START ENTRIES PROVIDED

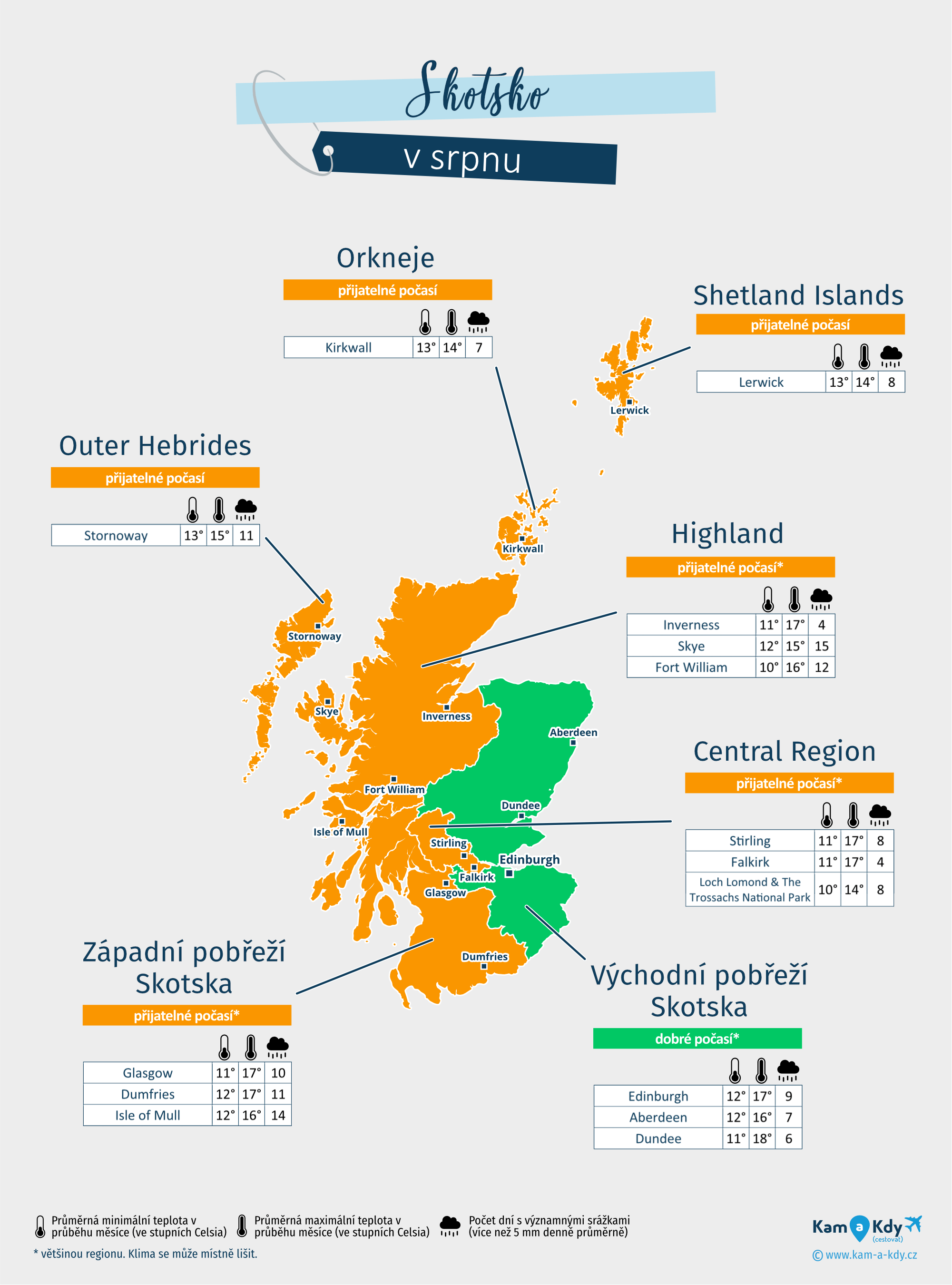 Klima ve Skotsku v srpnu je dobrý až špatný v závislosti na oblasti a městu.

END ENTRIES PROVIDED
START ENTRIES PROVIDED

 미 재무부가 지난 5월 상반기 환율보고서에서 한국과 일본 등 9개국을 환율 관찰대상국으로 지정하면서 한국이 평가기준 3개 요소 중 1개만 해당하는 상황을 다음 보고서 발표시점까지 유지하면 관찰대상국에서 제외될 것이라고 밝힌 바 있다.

END ENTRIES PROVIDED
START ENTRIES PROVIDED

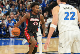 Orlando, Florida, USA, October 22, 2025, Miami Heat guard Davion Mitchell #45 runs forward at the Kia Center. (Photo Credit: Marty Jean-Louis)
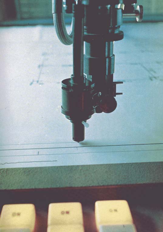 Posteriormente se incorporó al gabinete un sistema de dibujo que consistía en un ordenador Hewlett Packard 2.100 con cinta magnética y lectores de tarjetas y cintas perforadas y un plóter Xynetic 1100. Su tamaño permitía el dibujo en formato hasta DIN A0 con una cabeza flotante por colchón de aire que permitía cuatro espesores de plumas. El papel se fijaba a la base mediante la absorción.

END ENTRIES PROVIDED

Taking the entries above, copy word for word the lines from the one with "Orlando, Florida, USA, October" up to and including the one with "Posteriormente se incorporó", without any picture.

TASK OUTPUT
 Orlando, Florida, USA, October 22, 2025, Miami Heat guard Davion Mitchell #45 runs forward at the Kia Center. (Photo Credit: Marty Jean-Louis)
 Posteriormente se incorporó al gabinete un sistema de dibujo que consistía en un ordenador Hewlett Packard 2.100 con cinta magnética y lectores de tarjetas y cintas perforadas y un plóter Xynetic 1100. Su tamaño permitía el dibujo en formato hasta DIN A0 con una cabeza flotante por colchón de aire que permitía cuatro espesores de plumas. El papel se fijaba a la base mediante la absorción.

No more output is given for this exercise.